A. THE TRANSACTIONS.
(i) At the Closing Date, PRPM will acquire eighty-nine and nine tenths
percent (89.9%) percent of the outstanding common shares of IFRS (the "Purchase
Shares") for an aggregate purchase price (the "Purchase Price") of Two Hundred
Thousand Dollars ($200,000). The Purchase Price shall consist of a cash payment
of Thirty Thousand Dollars ($30,000) at the Closing Date and a promissory note
(the "Note") for One Hundred Seventy Thousand Dollars ($170,000). The Note shall
be payable in twelve equal monthly instalments of $14,166.66 commencing ninety
(90) days after the Closing Date, shall not bear interest if paid when due, and
shall be secured by the Purchase Shares (subject to release of 600,000 of the
Purchase Shares upon timely receipt of the first of the twelve equal monthly,
300,000 of the Purchase Shares upon timely receipt of each of the second through
eleventh of the twelve equally monthly instalments, and the balance of the
Purchase Shares upon the timely receipt of the twelfth of the twelve equal
monthly instalments). Based on the currently outstanding common stock of IFRS of
1,167,279 Shares, the number of Purchase Shares is expected to be 11,557,217
shares. In the event that an instalment of the Note is not paid when due, which
non-payment is not cured within five (5) business days after written notice
thereof, the balance of the Note and the Purchase Shares remaining in escrow
shall be transferred to Gary Ball
(ii) Immediately after the issuance of the Purchase Shares by IFRS at the
Closing Date, IFRS will acquire all of the outstanding common shares of FS (the
"FS Acquisition") in exchange for 3,000,000 shares of common stock of IFRS (the
"Acquisition Shares"). IFRS shall own 100% of the equity of FS immediately after
the FS Acquisition. The Acquisition Shares shall be valued at Fifty Cents
($0.50) per share.
(iii) At the Closing, (1) all IFRS corporate records, board minutes, bank
records and bank accounts will be transferred to PRPM, (2) all Directors and
officers of IFRS shall resign, and (3) William Wright will be appointed
Chairman, President and CEO of IFRS.
(iv) Immediately following the closing of the FS Acquisition, PRPM shall
transfer the Purchase Shares and the Note to William Wright in exchange for Mr.

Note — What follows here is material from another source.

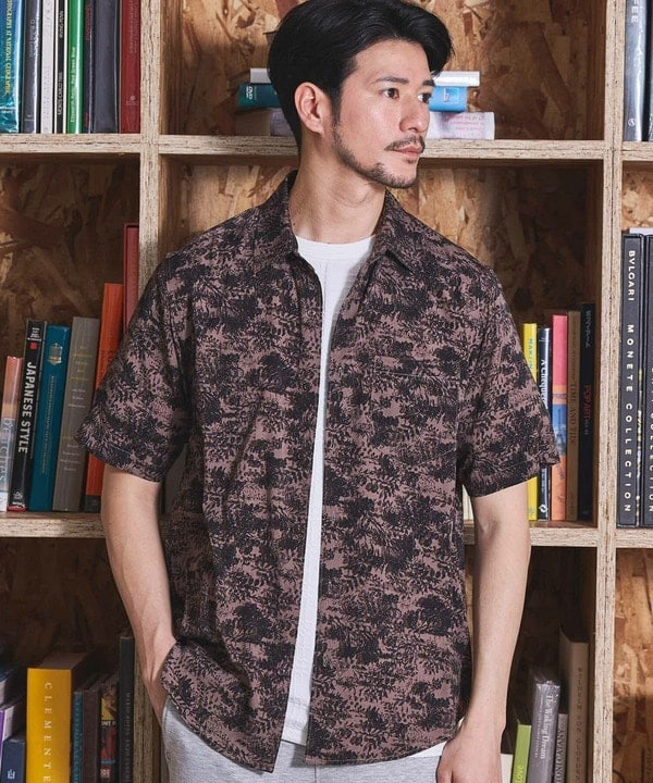 フラワー柄プリントレギュラーカラー半袖シャツ
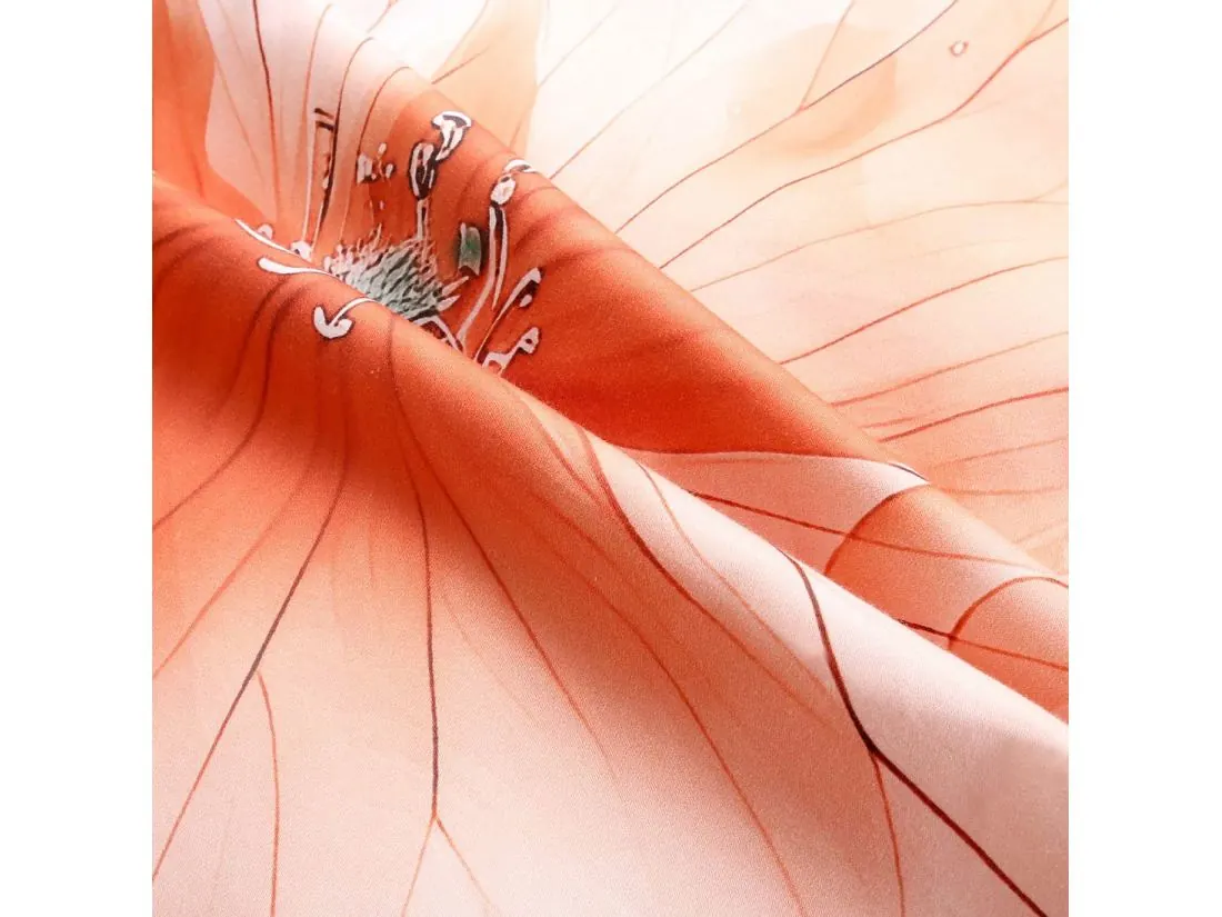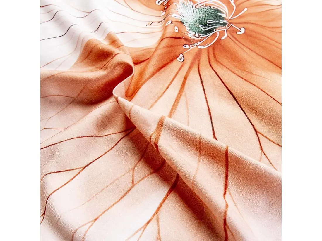 Pościel Satynowa Hibiskus Morelowy 140x200 Delikatny Kwiatowy Wzór

Wright's assumption of the Note, which assumption shall include a full release
of PRPM's obligations by IFRS. William Wright will be solely responsible for
payment of the Note.
(v) Prior to the Closing Date, IFRS will incorporate a subsidiary ("IFRS
Sub") and will on the Closing Date transfer all of its assets (including the
Purchase Price) to IFRS Sub. IFRS Sub will assume all of the liabilities of IFRS
as of the Closing Date and will agree to indemnify IFRS against any liabilities
existing on the Closing Date or arising from the business of IFRS Sub. IFRS Sub
shall be managed solely by Gary Ball until either of the events specified in
A(iii) below occurs.
(vi) Gary Ball shall be solely responsible for managing IFRS Sub, and shall
receive in consideration for his management services such cash management fee
from IFRS Sub or right to purchase shares of IFRS Sub as the Board of Directors
of IFRS shall determine prior to the Closing. All expenses of IFRS Sub,
including the cost of the financial information provided by it to IFRS for
preparation of IFRS financial statements, shall be borne by IFRS Sub.

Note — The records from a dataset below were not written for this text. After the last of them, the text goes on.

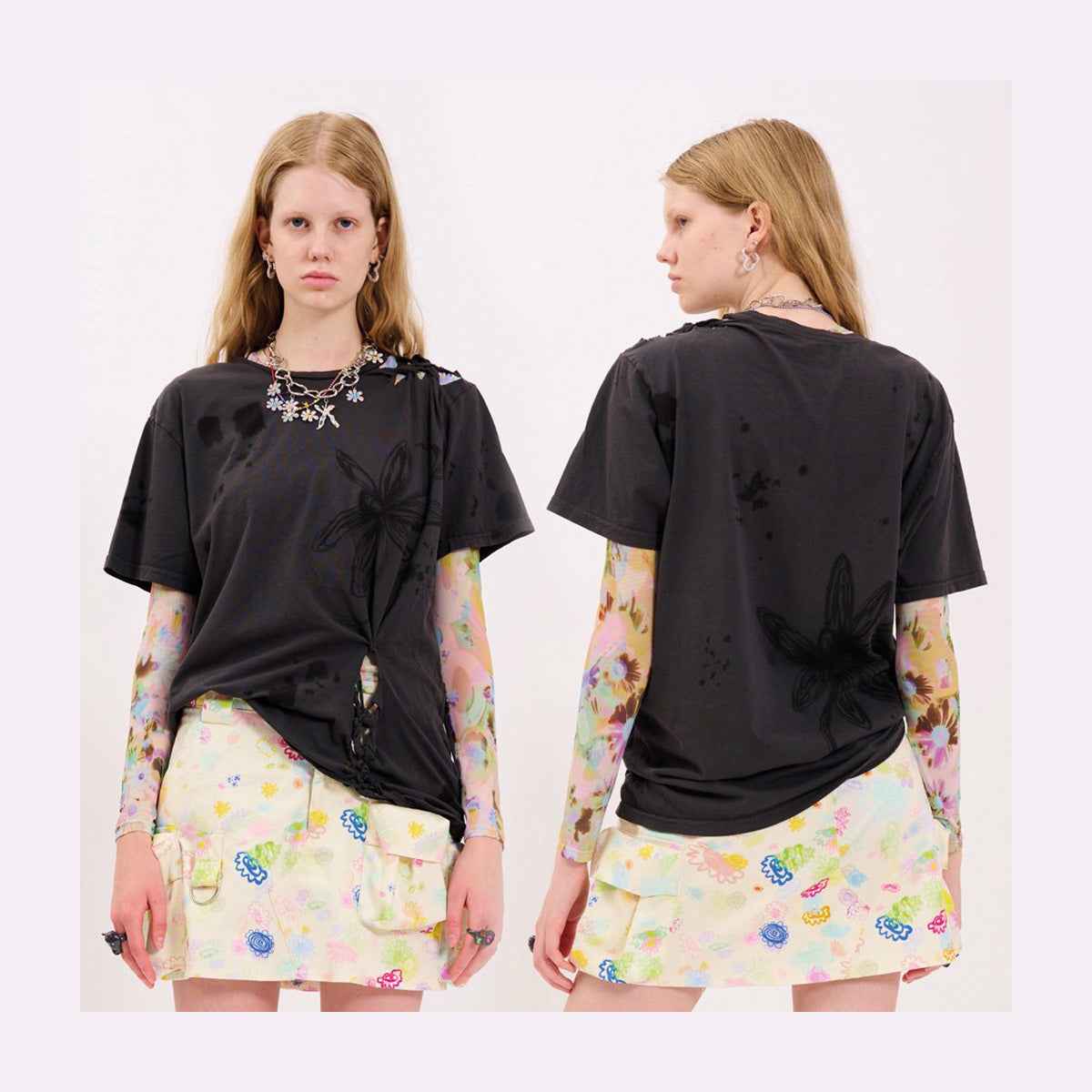 Hand painted tee with raw edge openings and knitted detail. Boxy fit. Made from 100% organic cotton.
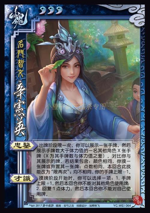 三国杀太能杀了玩三国杀这款游戏的时候,随着时间的推移,现在越来越多的武将都已经是历史中一些不引人注意的角色了,比如辛宪英,这是一个非常强势得武将,这个武将作为一个辅助定位的武将,她的英雄强度还是非常不错的。
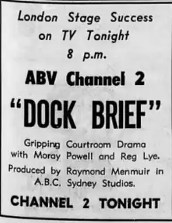 - ^ ""Dock Brief" Telecast from ABN". Sydney Morning Herald. 28 January 1960. p. 5.
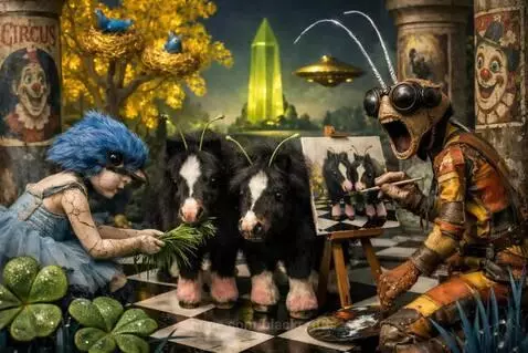 The ponies eat the grass slowly munching. The painter paints the ponies on the canvas. The girl looks up to see the rotating flying saucer.

(vii) IFRS will, at the sole expense of IFRS Sub and upon the written
election of Gary Ball delivered within twelve (12) months after the Closing
Date, either (1) distribute 100% of the outstanding stock of IFRS Sub to the
then-holders of Common Stock of IFRS other than (a) holders of the Purchase
Shares or the Acquisition Shares) and (b) persons holding Common Stock of IFRS
issued after the Closing Date other than shares of Common Stock issued or
issuable to Gary Ball pursuant to A(v) above, (2) upon the sale of substantially
all of the assets of IFRS Sub to a third party, distribute the net proceeds
therefrom to the holders of Common Stock of IFRS who would have received shares
of IFRS Sub pursuant to clause (1) above, or (3) provided that the fair market
value of IFRS is then less than $1,000,000, sell IFRS Sub to Gary Ball for the
then-agreed fair market value of the IFRS Sub, subject to indemnification by
Gary Ball of IFRS for any liabilities of IFRS Sub.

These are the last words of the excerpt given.